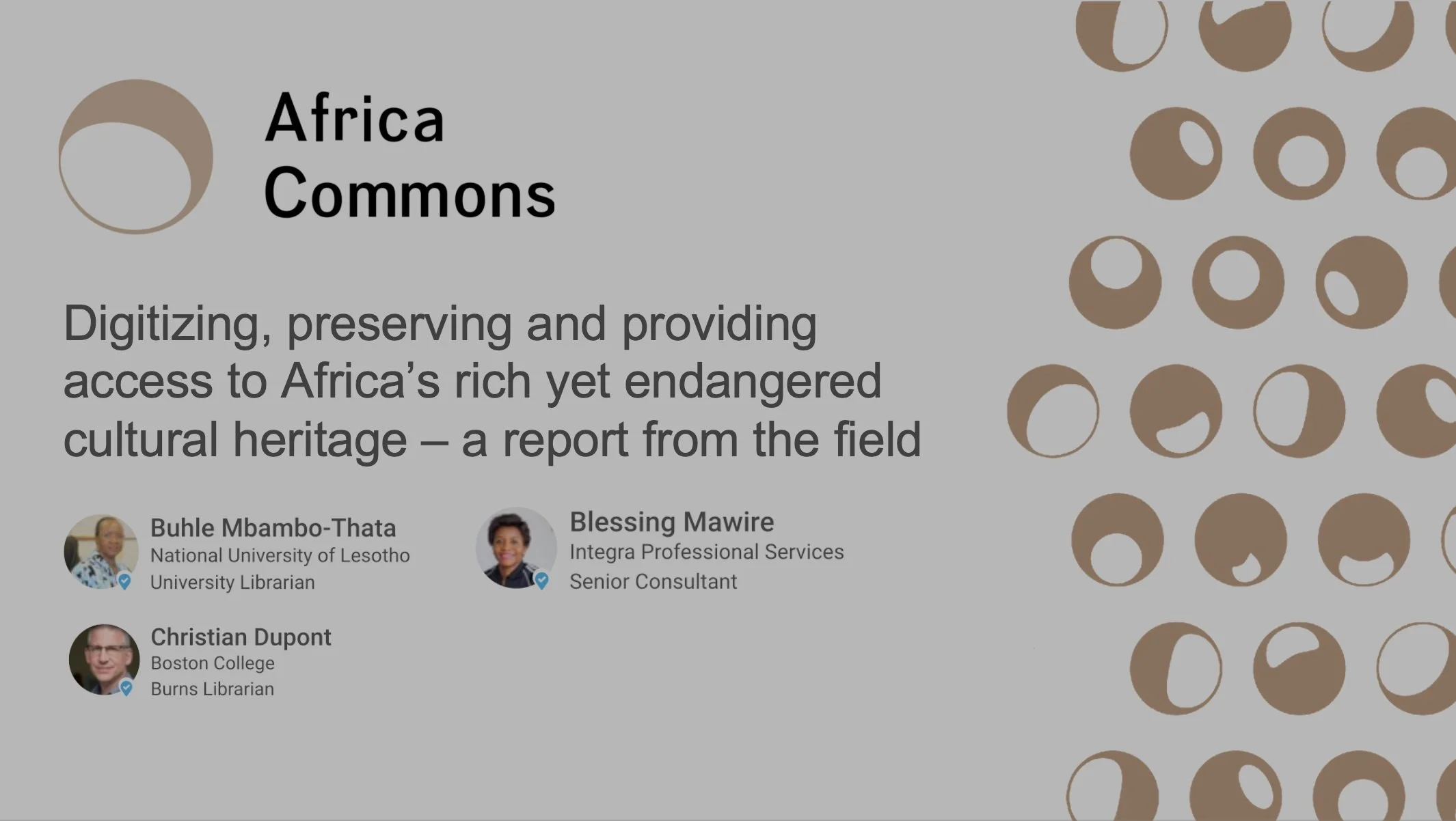 Dr. Mbambo-Thata, Ms. Mawire, and Mr. Dupont discuss the challenges of digitization in Africa, the results of a recently conducted survey of African archives, and how Africa Commons will help. This presentation was recorded at the 2021 Charleston Conference.
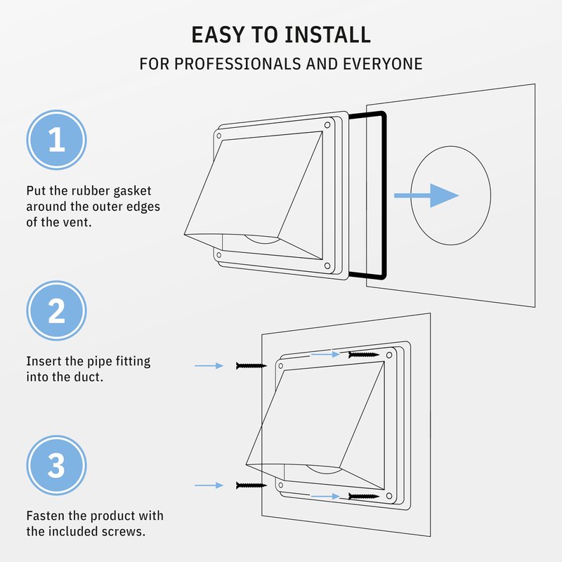 - 🛠️ EASY TO INSTALL Easy installation with standard tools perfect for hobbyists and professionals. Insert the socket into the ventilation pipe and fasten it to the wall with the screws provided. The gasket should fit very tight and will need some work to connect properly, please seen the informational graphics on your left.
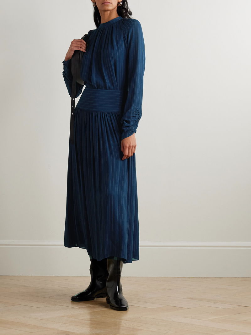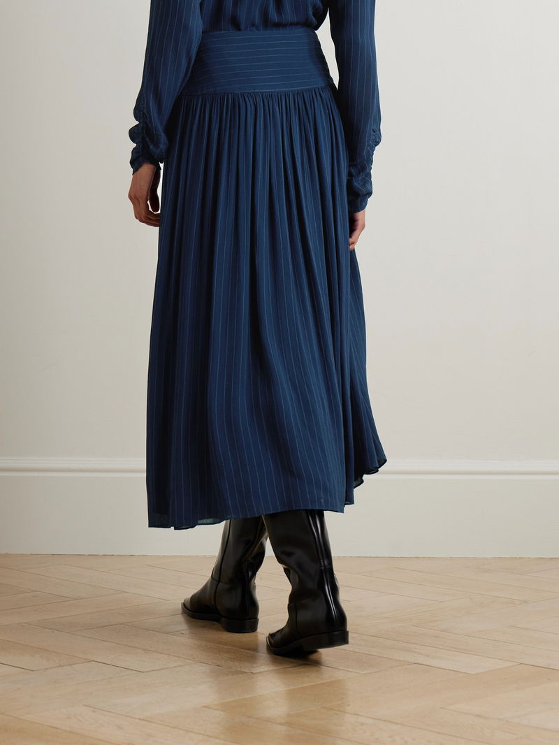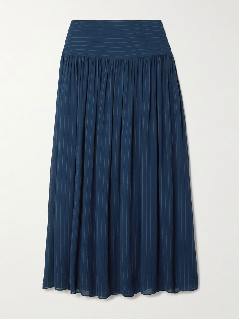 True to Joseph's sleek sophistication, this 'Santos' midi skirt is cut from airy crepe mapped with pinstripes. It's lightly gathered below the fitted waist panel, creating volume through the length.
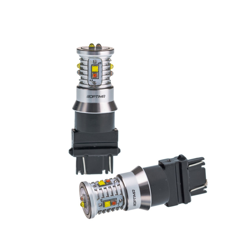 Светодиодная лампа Optima Premium 3157 MINI CREE-XBD CAN 50W 5100k 12-24V (белая/желтая) - двухконтактная лампа, с обманкой бортового компьютера CAN.
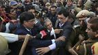 • نیروهای پلیس، مردم خشمگین را از یکی از مقام های رسمی دهلی که برای شرکت در مراسم سوگواری برای این زن حاضر شده، دور می کنند
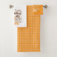 Stylish and fun, this bath towel set is the perfect way to shop the fall season. Features green leaves, an orange pumpkin, and brown and orange script text "Pumpkin Spice and Everything Nice" on the hand towel. The same design in all white is on a washcloth with an orange background. The bath towel is the same orange with white polka dots. Great gift for friends and family to show thanks during Thanksgiving.
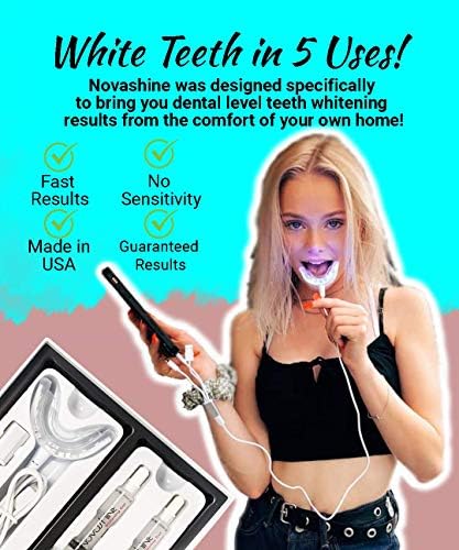 Novashine Skilled Enamel Whitening Package: Superior Blue LED Gentle, Concentrated Peroxide Gel, Smartphone Adapter, Journey Bag
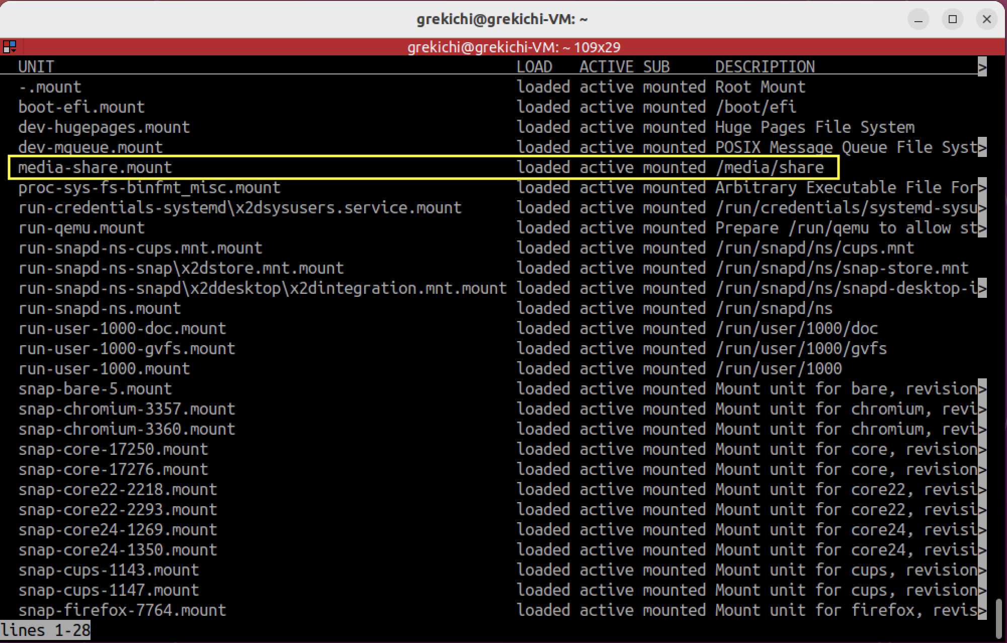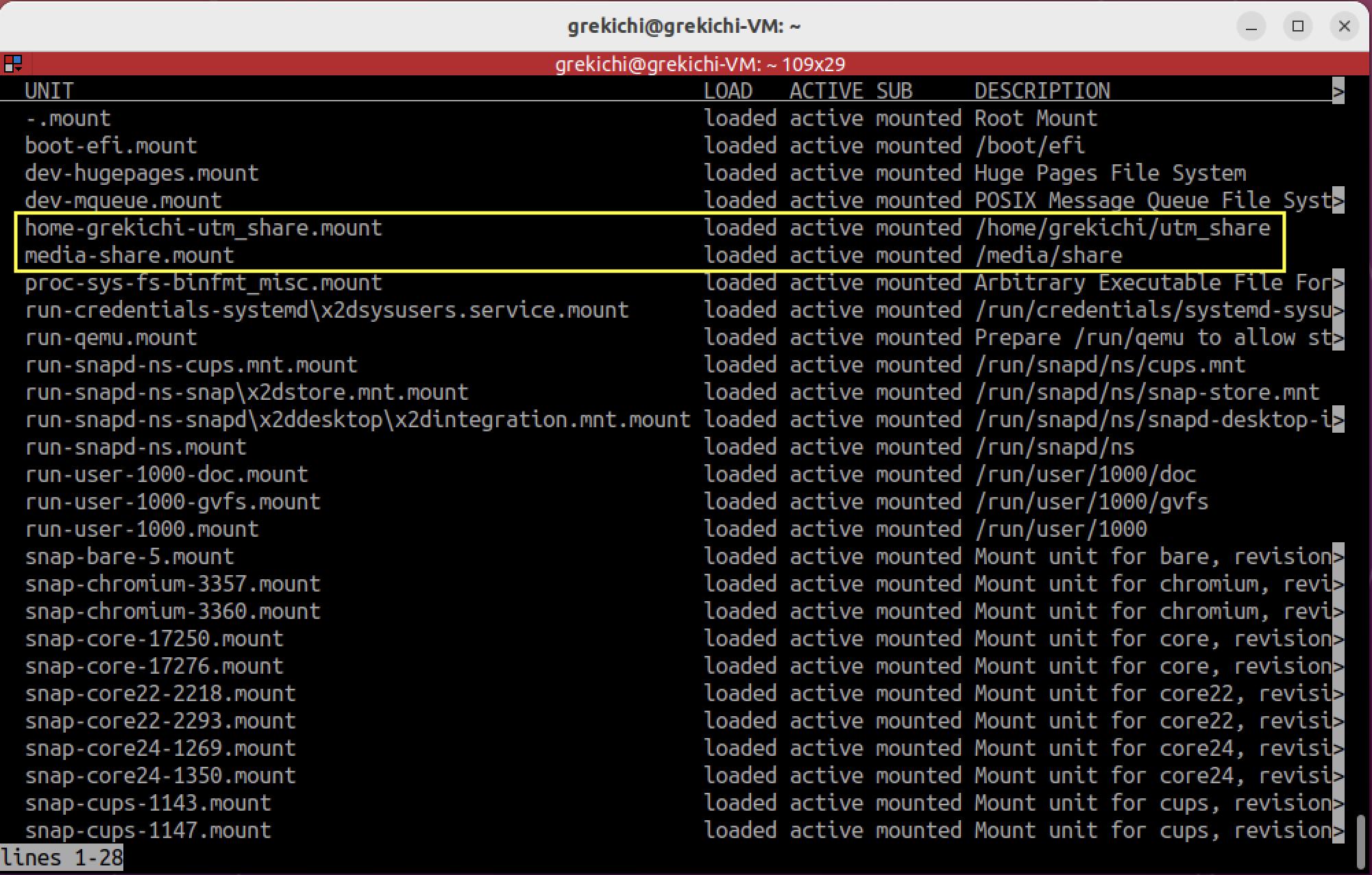 systemctl list-units --type=mountこれを実行すると下記のような内容が表示されます。まだファイルが共有出来てない状態ですね。
--*--
Exercise directions. The lines from the one containing "- 🛠️ EASY TO" through the end of the data above are to be copied exactly, both ends included, and pictures are to be omitted.

Answer to the problem.
 - 🛠️ EASY TO INSTALL Easy installation with standard tools perfect for hobbyists and professionals. Insert the socket into the ventilation pipe and fasten it to the wall with the screws provided. The gasket should fit very tight and will need some work to connect properly, please seen the informational graphics on your left.
 True to Joseph's sleek sophistication, this 'Santos' midi skirt is cut from airy crepe mapped with pinstripes. It's lightly gathered below the fitted waist panel, creating volume through the length.
 Светодиодная лампа Optima Premium 3157 MINI CREE-XBD CAN 50W 5100k 12-24V (белая/желтая) - двухконтактная лампа, с обманкой бортового компьютера CAN.
 • نیروهای پلیس، مردم خشمگین را از یکی از مقام های رسمی دهلی که برای شرکت در مراسم سوگواری برای این زن حاضر شده، دور می کنند
 Stylish and fun, this bath towel set is the perfect way to shop the fall season. Features green leaves, an orange pumpkin, and brown and orange script text "Pumpkin Spice and Everything Nice" on the hand towel. The same design in all white is on a washcloth with an orange background. The bath towel is the same orange with white polka dots. Great gift for friends and family to show thanks during Thanksgiving.
 Novashine Skilled Enamel Whitening Package: Superior Blue LED Gentle, Concentrated Peroxide Gel, Smartphone Adapter, Journey Bag
 systemctl list-units --type=mountこれを実行すると下記のような内容が表示されます。まだファイルが共有出来てない状態ですね。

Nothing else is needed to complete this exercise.